Your assignment = All lines from the one holding "The pink top" to the end of the listing are to be output exactly, both ends included, with any pictures left out.

Exercise data =
--- START ---
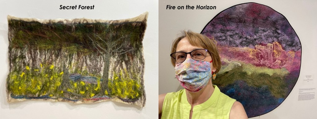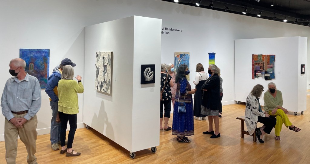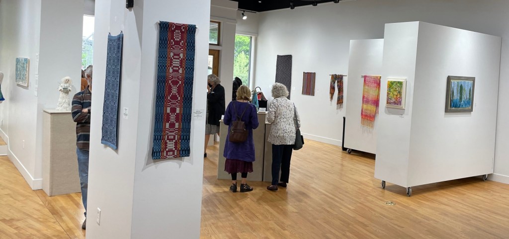 The final event this month was the artist reception for the Michigan League of Handweavers 2022 Biennial Fiber Exhibit at the LowellArts Gallery, Lowell Michigan on May 26th. I had 2 pieces accepted into the show Secret Forest and Fire on the Horizon. Here are just a few of the amazing entries.
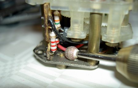 Aufpassen muss man auf die Einstellachse mit ihrer kleinen Feder und auf die Aufsteckhülse, alles wird noch gebraucht.
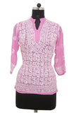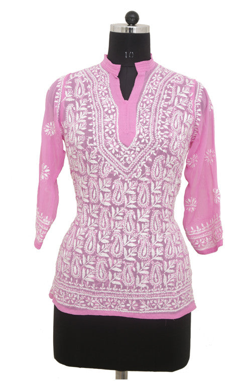 The pink top made in finest quality georgette is adorned with beautiful chikankari hand embroidery all over the front with elegant motifs on the back. Available as stitched (ready-to-wear).
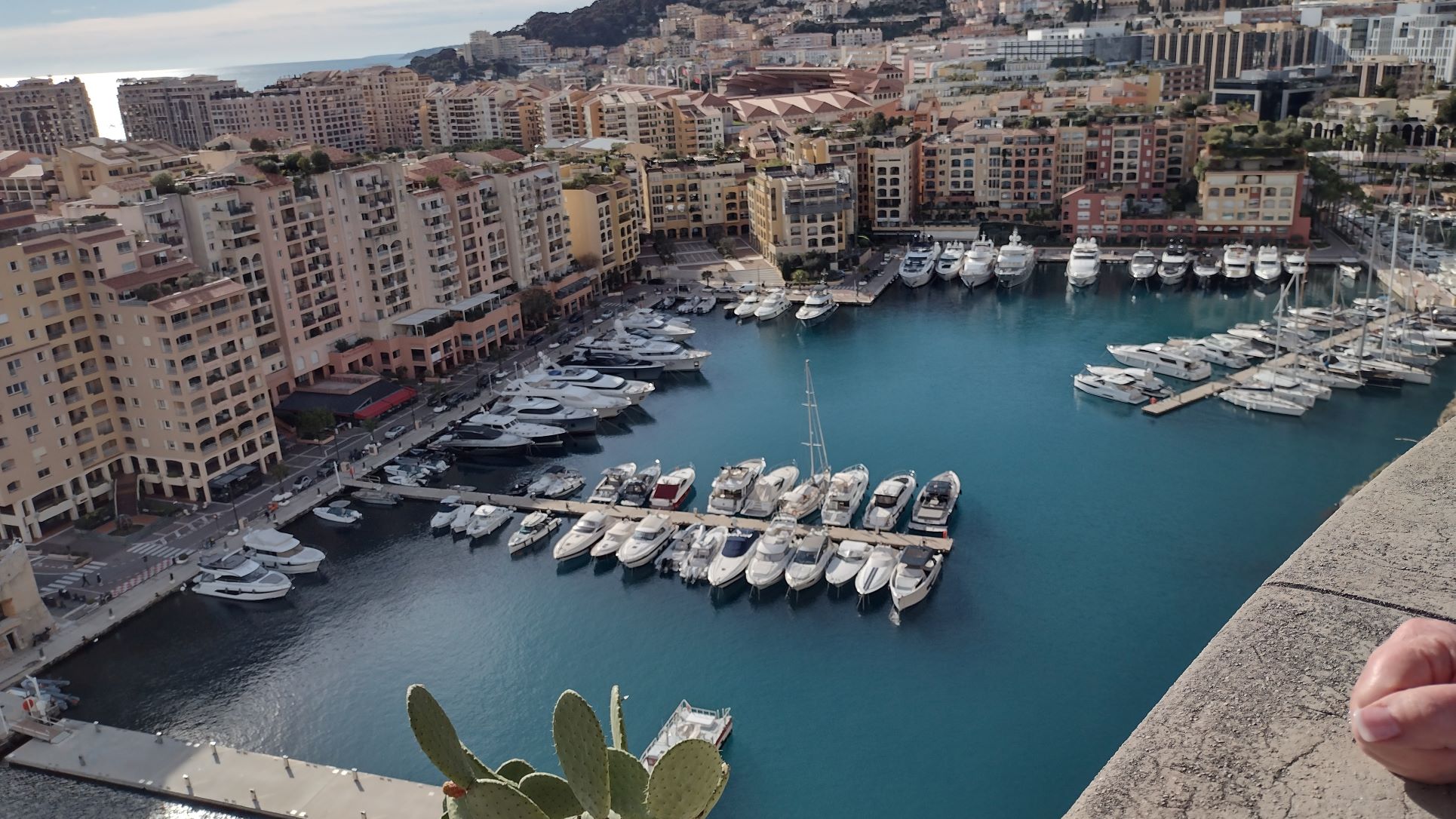 The main Monte Carlo harbour, called Hercule, is not the only one. Just to the West is “Fontveille” which a much smaller and quieter affair. This photo was taken from the lookout point in the Gardens just under the Cathedral.
--- END ---
Your response =
 The pink top made in finest quality georgette is adorned with beautiful chikankari hand embroidery all over the front with elegant motifs on the back. Available as stitched (ready-to-wear).
 The main Monte Carlo harbour, called Hercule, is not the only one. Just to the West is “Fontveille” which a much smaller and quieter affair. This photo was taken from the lookout point in the Gardens just under the Cathedral.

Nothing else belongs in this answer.